When you're a Harry Potter fan, one of the most important things is which Hogwarts House you are part of. You have merchandise that bears your house colors, you get into arguments with fellow fans about which house is better, and you are fiercely loyal to the house that you are proud to call yours.
Unfortunately, it's not all fun and games. Not everyone feels like they fit into their house. With the Pottermore test, people who thought they belonged in one house were suddenly thrown into another. Of course, you could deny the result you get, but the questions, choices, and corresponding house results were written by J.K. Rowling herself. You don't want to go against that. My sister went from being a loyal Slytherin to being a Hufflepuff; a complete 180. Luckily, my sister merged nicely into her new house, and now proudly wears her Hufflepuff hoodie out whenever she can. But some people don't get so lucky.

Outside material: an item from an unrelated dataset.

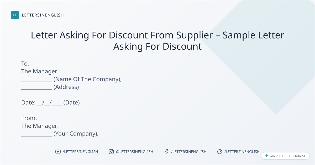 Letter Asking For Discount From Supplier – Sample Letter Asking For Discount
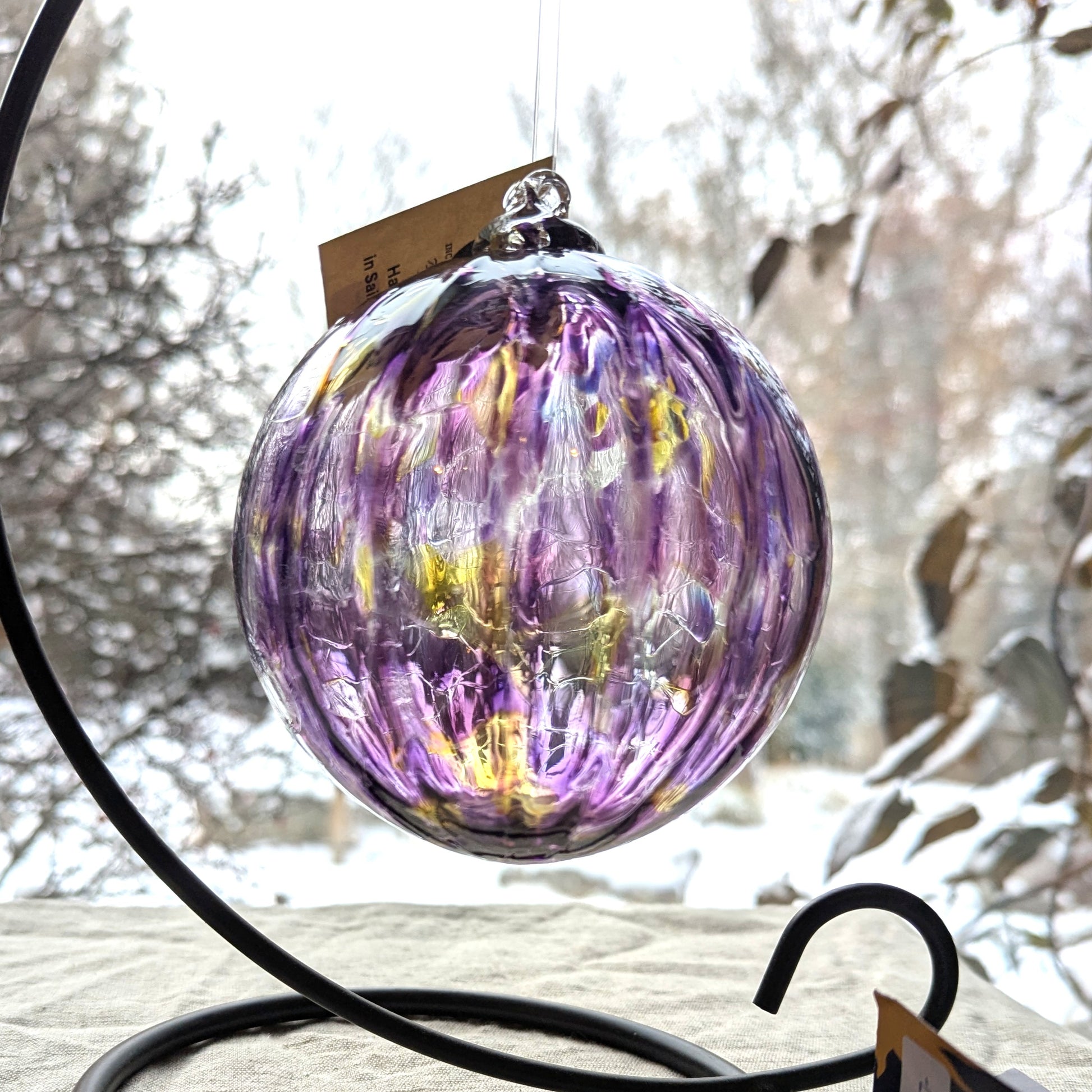 These beautiful hand blown ornaments are traditionally know as symbols of friendship. Hand indoors or outdoors for magnificent splashes of translucent vibrant colours that dance in the sun. Masterfully crafted with exquisite rich and rare coloured glass. Each ball is approximately 4" in diameter.

Evanna Lynch, otherwise known as Luna "Loony" Lovegood, claimed Ravenclaw until the test placed her in Gryffindor; Ron Weasley himself was placed into Hufflepuff. It's very difficult to uproot yourself from one house to the other when you are so sure that you project the traits of the house you are loyal to. Another issue that arises is when you take the test multiple times, just to check, and get two different results. What then? What happens when you face a House Identity Crisis?

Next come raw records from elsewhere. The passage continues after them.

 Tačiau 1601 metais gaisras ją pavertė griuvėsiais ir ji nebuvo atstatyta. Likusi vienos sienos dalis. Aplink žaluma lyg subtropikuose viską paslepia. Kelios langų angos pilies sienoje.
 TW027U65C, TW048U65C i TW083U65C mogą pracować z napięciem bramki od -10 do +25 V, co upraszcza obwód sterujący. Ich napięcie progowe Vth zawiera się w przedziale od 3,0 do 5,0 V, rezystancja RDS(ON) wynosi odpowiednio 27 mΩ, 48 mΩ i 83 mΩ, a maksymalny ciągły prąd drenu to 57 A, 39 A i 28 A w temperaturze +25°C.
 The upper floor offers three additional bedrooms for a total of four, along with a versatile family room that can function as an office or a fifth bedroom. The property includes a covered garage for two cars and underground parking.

Obviously, don't panic. Remember that your house doesn't always define who you are. Peter Pettigrew was a spineless coward; Cedric Diggory and Nymphadora Tonks were the bravest Hufflepuffs the series ever introduces; Regulus Black willingly went against the Dark Lord, to stop him from creating more Horcruxes and extending his reign; and we can't forget Gildoroy Lockheart, who's Ravenclaw tendencies were only useful in making him famous. These characters were sorted into houses that boasted one trait while they showed another. Not all Gryffindors are brave, not all Hufflepuffs are stupid, not all Slytherins are evil, and not all Ravenclaws are smart. It's important to remember this if you don't feel smart enough as a Ravenclaw, or brave enough as a Gryffindor.
So what happens when you get placed into two different houses? In the Harry Potter universe, a character who sits under the Sorting Hat for longer than five minutes is called a hat stall. This is when the Sorting Hat has a tougher time deliberating which house it wants to place you in, and according to Pottermore's website, only happens once every fifty years or so. The closest to come to hat stalls were Hermione Granger and Neville Longbottom. The sorting hat spent nearly four minutes, according to Pottermore, deliberating whether or not to put Hermione in Ravenclaw or Slytherin. Neville, on the other hand, was determined to be placed in Hufflepuff, while the hat wanted him in Gryffindor. The only true hat stalls known to Harry were Peter Pettigrew and Professor McGonagall. Like Hermione, the latter had the sorting hat caught between Ravenclaw and Gryffindor. The former had the hat caught between Gryffindor and Slytherin (like I said, not all Gryffindors are brave). Sometimes, people cannot be pinned down to one specific trait. It's okay to have one foot in two different houses, it just means you're a well-rounded individual.
Personally, I have always been a Gryffindor. My first take on the Pottermore test was Gryffindor. My second time, however, I got Ravenclaw. All of my friends believe I should be Ravenclaw, because intelligence is my biggest trait, and I hold it in a higher regard compared to anything else. Again, I point you in the direction of Hermione and professor McGonagall, who are both fiercely intelligent, fiercely brave women. I might not be brave according to Harry Potter standards: I don't throw myself willingly into danger, I'm introverted, I have anxiety. There are things I do, however, that do make me brave. Getting up and delivering a speech, or making an important phone call; when I do things that normally make me anxious, it makes me feel braver.
That's another thing: people come in all shapes and sizes, with any personality you can think of. Just because you don't fall under the direct, immediate definition of a house (bravery, intelligence, ambition, loyalty), it does not mean you are not a member of your house. Just because you are a Slytherin, it doesn't mean you are the worst person alive. Slytherins can be good. Slytherins are not evil, they are ambitious. They know what they want and they take it for themselves, no matter who or what gets in their way. Yes, most Slytherins in the series are evil, but I did point out that Regulus sacrificed himself for the good of the Wizarding World, to see Voldemort crumble. That doesn't seem like someone who is evil.
To be honest, you don't need to worry if you suffer from House Identity Crisis. What matters in the Harry Potter universe is that you are your best self. Whether that is as a Gryffindor, Hufflepuff, Ravenclaw, Slytherin, or any combination of the four, as long as you feel that loyalty, that is what matters. My sister might be a proud Hufflepuff, but personally, I am a proud Gryffinclaw. Nothing and no one is going to take that away from me.